Indem sie hier zitathaft das zuvor aufgezeichnete Spracherlebnis mit anklingen läßt, verleiht Tawada den Überlegungen Wittgensteins nun einen eigenen Akzent. Obwohl sie bekennt, dass sie diese „seit einem Monat [...] so interessant wie noch nie“ fand (ebd.), geht sie dennoch argumentativ nicht weiter darauf ein; statt dessen zeigt sie an dem Beispiel ihrer eigenen Hörerfahrung am MIT (»Haben Sie sich verletzt?«) auf, wie das Sprechen über den Schmerz diesen aus dem Blick verlieren und in einer die kommunikative Funktion der Sprache durchkreuzenden Verknüpfung in ein anderes umschlagen kann.
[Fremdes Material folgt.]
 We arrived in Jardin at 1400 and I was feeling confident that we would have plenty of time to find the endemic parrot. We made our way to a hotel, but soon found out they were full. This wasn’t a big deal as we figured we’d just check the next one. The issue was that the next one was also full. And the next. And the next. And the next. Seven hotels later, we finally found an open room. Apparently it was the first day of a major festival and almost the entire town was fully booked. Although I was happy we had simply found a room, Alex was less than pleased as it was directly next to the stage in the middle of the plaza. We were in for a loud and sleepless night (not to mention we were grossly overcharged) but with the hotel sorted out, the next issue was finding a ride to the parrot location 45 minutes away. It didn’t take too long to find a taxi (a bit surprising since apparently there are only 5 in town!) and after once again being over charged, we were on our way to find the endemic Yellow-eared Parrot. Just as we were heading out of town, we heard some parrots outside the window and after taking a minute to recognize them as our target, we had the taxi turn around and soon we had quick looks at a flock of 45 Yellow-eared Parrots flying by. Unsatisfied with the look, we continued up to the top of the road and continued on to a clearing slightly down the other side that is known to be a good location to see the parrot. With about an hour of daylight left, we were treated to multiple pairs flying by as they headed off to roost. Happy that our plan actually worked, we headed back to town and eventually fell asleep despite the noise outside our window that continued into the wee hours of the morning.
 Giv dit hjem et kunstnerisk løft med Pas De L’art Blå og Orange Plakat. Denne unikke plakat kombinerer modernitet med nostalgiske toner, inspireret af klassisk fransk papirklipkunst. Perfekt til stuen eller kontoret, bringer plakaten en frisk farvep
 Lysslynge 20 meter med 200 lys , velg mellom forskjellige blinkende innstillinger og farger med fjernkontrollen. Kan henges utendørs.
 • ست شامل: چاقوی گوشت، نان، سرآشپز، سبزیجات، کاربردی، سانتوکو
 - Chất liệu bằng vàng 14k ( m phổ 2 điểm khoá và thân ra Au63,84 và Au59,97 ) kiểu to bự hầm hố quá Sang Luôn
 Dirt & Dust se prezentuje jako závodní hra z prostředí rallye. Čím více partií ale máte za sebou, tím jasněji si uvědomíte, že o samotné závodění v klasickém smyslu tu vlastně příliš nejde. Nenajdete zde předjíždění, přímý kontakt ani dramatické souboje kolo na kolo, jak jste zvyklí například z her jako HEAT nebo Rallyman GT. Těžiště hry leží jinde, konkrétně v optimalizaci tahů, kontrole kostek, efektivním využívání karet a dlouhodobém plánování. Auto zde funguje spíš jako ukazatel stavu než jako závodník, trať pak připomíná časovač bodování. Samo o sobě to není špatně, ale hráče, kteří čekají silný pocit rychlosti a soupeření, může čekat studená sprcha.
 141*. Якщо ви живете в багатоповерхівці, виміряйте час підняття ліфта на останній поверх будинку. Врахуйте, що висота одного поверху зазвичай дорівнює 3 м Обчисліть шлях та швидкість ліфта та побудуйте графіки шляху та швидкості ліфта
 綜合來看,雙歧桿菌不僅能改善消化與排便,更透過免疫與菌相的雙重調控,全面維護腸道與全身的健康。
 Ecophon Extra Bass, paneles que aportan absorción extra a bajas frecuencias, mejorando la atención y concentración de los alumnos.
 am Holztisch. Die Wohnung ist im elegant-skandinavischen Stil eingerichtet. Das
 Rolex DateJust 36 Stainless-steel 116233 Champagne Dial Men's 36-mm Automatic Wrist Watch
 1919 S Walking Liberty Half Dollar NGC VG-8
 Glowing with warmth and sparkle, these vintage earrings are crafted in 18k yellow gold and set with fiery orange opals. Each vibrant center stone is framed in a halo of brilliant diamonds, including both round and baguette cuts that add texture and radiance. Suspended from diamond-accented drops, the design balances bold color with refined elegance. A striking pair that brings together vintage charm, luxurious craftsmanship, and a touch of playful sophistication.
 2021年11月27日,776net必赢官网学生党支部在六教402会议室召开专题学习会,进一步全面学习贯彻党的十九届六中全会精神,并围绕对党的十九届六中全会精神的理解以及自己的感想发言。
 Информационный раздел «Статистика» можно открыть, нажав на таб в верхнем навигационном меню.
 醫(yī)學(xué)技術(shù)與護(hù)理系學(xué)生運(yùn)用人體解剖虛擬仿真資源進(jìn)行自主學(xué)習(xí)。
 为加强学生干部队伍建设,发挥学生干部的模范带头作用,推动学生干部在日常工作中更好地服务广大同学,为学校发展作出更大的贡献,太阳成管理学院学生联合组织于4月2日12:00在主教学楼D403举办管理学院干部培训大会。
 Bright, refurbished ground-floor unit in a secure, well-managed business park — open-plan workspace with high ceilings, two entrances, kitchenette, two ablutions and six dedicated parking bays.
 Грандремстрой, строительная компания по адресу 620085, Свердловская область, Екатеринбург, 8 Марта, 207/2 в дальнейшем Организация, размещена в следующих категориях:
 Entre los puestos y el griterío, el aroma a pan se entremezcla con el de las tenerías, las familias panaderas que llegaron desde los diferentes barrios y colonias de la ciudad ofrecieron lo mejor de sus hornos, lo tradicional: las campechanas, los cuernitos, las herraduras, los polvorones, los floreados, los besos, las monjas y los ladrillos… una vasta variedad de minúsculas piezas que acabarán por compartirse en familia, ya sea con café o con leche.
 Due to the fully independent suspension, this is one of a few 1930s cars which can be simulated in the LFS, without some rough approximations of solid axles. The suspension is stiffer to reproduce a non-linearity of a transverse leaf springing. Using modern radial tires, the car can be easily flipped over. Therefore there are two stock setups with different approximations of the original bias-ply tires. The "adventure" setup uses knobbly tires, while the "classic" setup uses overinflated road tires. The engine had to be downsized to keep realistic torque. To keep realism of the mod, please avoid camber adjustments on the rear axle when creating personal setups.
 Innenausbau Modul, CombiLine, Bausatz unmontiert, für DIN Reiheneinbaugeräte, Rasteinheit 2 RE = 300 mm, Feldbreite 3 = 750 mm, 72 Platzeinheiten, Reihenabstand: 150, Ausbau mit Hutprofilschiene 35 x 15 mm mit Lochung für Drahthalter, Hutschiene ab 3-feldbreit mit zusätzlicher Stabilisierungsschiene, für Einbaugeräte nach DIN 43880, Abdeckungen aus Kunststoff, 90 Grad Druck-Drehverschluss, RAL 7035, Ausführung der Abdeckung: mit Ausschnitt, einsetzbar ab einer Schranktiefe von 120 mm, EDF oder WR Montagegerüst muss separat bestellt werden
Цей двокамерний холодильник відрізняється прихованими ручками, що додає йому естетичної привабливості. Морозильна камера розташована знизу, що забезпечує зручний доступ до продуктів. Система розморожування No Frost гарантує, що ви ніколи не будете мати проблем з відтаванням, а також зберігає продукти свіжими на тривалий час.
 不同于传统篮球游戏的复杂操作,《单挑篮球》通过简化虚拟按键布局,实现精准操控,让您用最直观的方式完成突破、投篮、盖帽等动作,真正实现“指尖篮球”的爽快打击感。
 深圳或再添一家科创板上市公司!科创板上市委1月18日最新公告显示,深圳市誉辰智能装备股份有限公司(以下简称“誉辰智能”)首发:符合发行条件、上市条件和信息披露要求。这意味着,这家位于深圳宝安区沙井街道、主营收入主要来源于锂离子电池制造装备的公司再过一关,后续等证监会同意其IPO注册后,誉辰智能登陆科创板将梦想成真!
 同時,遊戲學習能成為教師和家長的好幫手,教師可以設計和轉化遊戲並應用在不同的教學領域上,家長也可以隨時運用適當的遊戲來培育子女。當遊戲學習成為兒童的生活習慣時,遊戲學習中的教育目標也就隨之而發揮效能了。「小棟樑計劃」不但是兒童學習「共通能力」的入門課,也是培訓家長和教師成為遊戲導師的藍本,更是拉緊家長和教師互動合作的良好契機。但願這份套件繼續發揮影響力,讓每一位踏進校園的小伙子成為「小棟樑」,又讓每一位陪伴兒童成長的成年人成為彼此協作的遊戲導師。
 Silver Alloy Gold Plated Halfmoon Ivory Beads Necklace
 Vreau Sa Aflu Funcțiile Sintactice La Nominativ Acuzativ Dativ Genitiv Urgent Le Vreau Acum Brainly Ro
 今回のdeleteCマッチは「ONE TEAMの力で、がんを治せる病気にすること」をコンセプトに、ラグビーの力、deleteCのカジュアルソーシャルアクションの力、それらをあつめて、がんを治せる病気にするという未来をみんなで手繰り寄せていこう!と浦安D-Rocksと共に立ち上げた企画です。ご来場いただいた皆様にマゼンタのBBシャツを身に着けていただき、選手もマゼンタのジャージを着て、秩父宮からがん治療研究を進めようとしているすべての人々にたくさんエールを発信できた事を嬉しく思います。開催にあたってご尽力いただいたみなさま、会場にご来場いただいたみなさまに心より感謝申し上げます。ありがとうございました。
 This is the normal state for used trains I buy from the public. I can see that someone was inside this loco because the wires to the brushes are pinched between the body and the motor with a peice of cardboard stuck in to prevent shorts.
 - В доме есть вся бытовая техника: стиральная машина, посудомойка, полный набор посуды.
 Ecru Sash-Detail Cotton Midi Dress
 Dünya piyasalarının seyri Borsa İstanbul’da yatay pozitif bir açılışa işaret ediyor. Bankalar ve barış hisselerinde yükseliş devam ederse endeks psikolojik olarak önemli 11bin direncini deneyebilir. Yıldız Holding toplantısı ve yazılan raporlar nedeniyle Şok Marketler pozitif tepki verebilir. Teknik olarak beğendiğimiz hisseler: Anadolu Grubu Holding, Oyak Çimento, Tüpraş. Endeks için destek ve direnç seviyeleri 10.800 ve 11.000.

Deshalb  stellt sie nun der Frage nach der Verletzung die Frage nach der Vernetzung der Welt im Kontext einer kritischen Auseinandersetzung mit den zeitgenössischen Kommunikationsmedien und Aufzeichnungssystemen gegenüber. Dies problematisiert sie dann explizit im Bezug auf das Verhältnis von (räumlicher) Nähe und Distanz [12]:

Man sagte mir, die Welt sei vernetzt, die Entfernung spiele keine Rolle mehr. Es schien mir aber so, als ob nicht die Entfernung, sondern die Nähe keine Rolle mehr spiele. Auch jemandem, der nebenan sitzt, kann man eine E-Mail schicken. Ist die Welt wirklich vernetzt oder ist sie vielleicht verletzt? (Überseezungen, 101)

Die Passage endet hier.